Eduardo Camino, doctor en teología, profesor de moral y ex broker de Bolsa, aclara primero el concepto para diferenciarlo de otras operaciones económicas con las que habitualmente se la confunde. En la especulación se lleva a cabo una operación, preferentemente en un breve espacio de tiempo, para obtener un beneficio a través de una prevista oscilación de los precios. Se trata, pues, de una acción distinta de la “cobertura de riesgos”, el “arbitraje” o la inversión (herramientas de la gestión de patrimonios), sin que tampoco quepa asimilar la especulación a la manipulación ni al uso de información privilegiada.

Un punto clave al abordar la ética de este tipo de operaciones es clarificar sus efectos sobre la economía. Camino analiza los efectos que se dan siempre que se especula -la doble contrapartida, la dinamicidad y liquidez del mercado y la asunción de un riesgo- y los condicionados, como los posibles efectos sobre la distribución de la riqueza, la fluctuación de los precios y el mayor o menor alejamiento entre la esfera financiera y la productiva.

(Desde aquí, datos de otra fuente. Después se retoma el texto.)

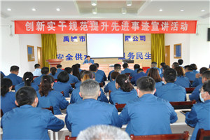 5月21日下午,市润禹水务有限公司召开创新实干规范提升先进事迹报告会,特邀通裕集团锻压厂张峰峰同志和山东省劳动模范、市供电公司高级工程师李琛同志作先进事迹报告,公司100余名职工参加活动。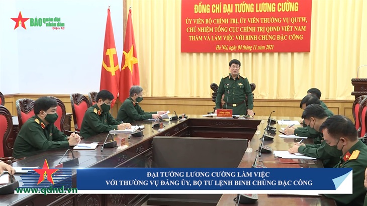 Chiều 4-11, Đại tướng Lương Cường đã đến thăm và làm việc với Thường vụ Đảng ủy, Bộ tư lệnh Binh chủng Đặc công. Đây là lực lượng chiến đấu đặc biệt tinh nhuệ của Quân đội nhân dân Việt Nam, có phương pháp tác chiến linh hoạt, táo bạo, bất ngờ.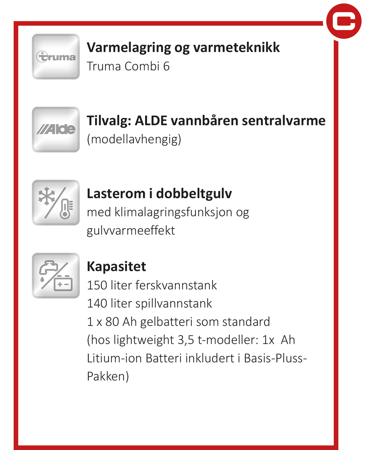 Vi har laget en liste over forskjellene i utstyrsnivået til lightweight 3,5 t- og comfort 4,2 t-modellene for å gjøre det enklere for deg å velge rett modell.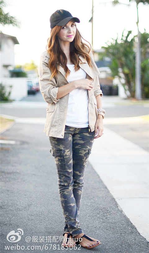 下摆有蕾丝边的白色连衣裙,配上军工外套。虽然两个单品一个淑女清新,一个休闲帅气,但是组合在一起却别有味道,你可以注意下,每年的春秋季的时尚杂志里,总会有军绿外套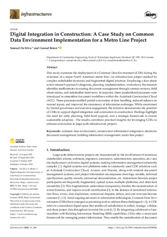 « Digital integration in construction: A case study on common data environment implementation for a metro line project ».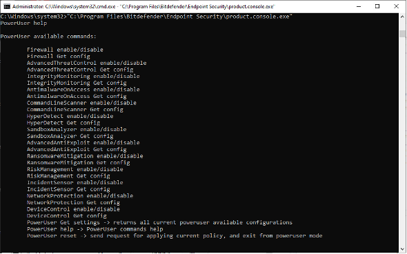 - PowerUser reset – resets all changes performed via the console by re-applying the most recent GravityZone policy.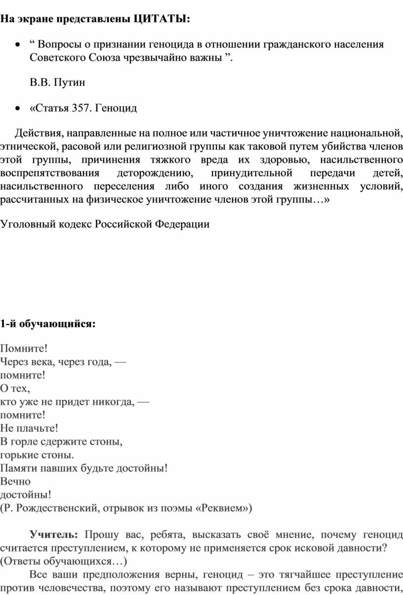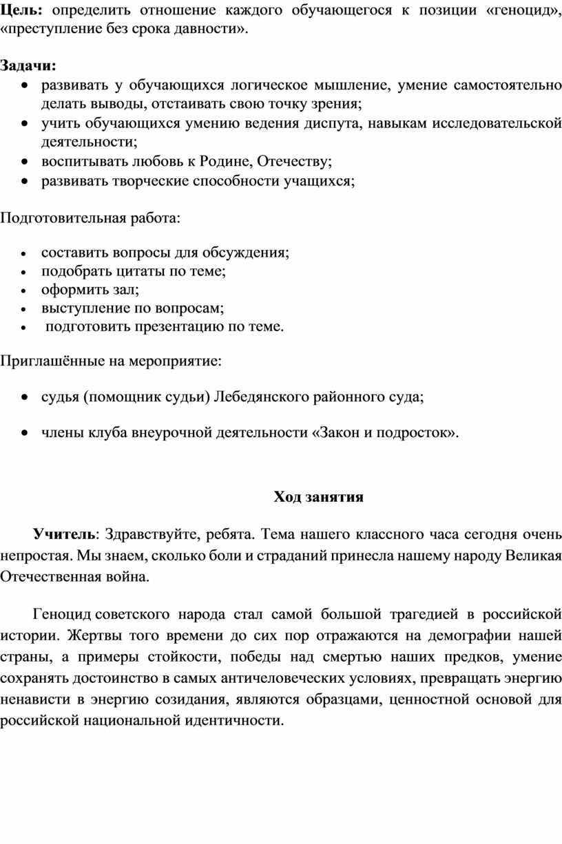 Учитель: Прошу вас, ребята, высказать своё мнение, почему геноцид считается преступлением, к которому не применяется срок исковой давности?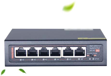 It provides both 802.3af/at PoE functions along with 4 x 10/100Base-TX ports featuring 15.4-watt 802.3af/30-watt 802.3at PoE in RJ-45 interfaces and extra 2 x 10/100Mbps UPLINK RJ-45 ports to keep a cascade connection with another switch or NVR as a kit for the administrators to centrally and efficiently manage the surveillance system in the local LAN and the remote site via Internet.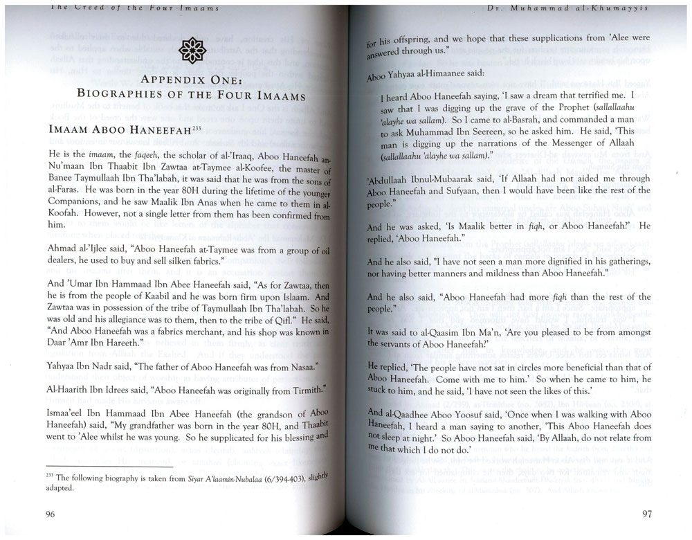 The Creed of the Four Imaams Imaam Aboo Haneefah, Imaam Maalik, Imaam ash-Shafi\'ee, Imaam Ahmad |

Después de analizar esta realidad técnicamente, el autor profundiza en las cuestiones éticas. Esta parte es quizás la más innovadora. No se trata ya tanto de ver bajo qué condiciones será éticamente correcta la especulación financiera, sino llegar a establecer tal juicio sin olvidar que, normalmente, este tipo de operaciones forman parte de un trabajo (profesional), y éste, de una vida. Se necesita adoptar la perspectiva ética de la “primera persona”, ya que toda acción humana deja una huella en quien la realiza, perfeccionándole o deteriorándole. Por esto Camino se preocupa sobre todo de cómo la acción mejora o empeora a las personas. De este modo, se trata de juzgar e integrar este tipo de operaciones en el conjunto de una vida (ética de las virtudes).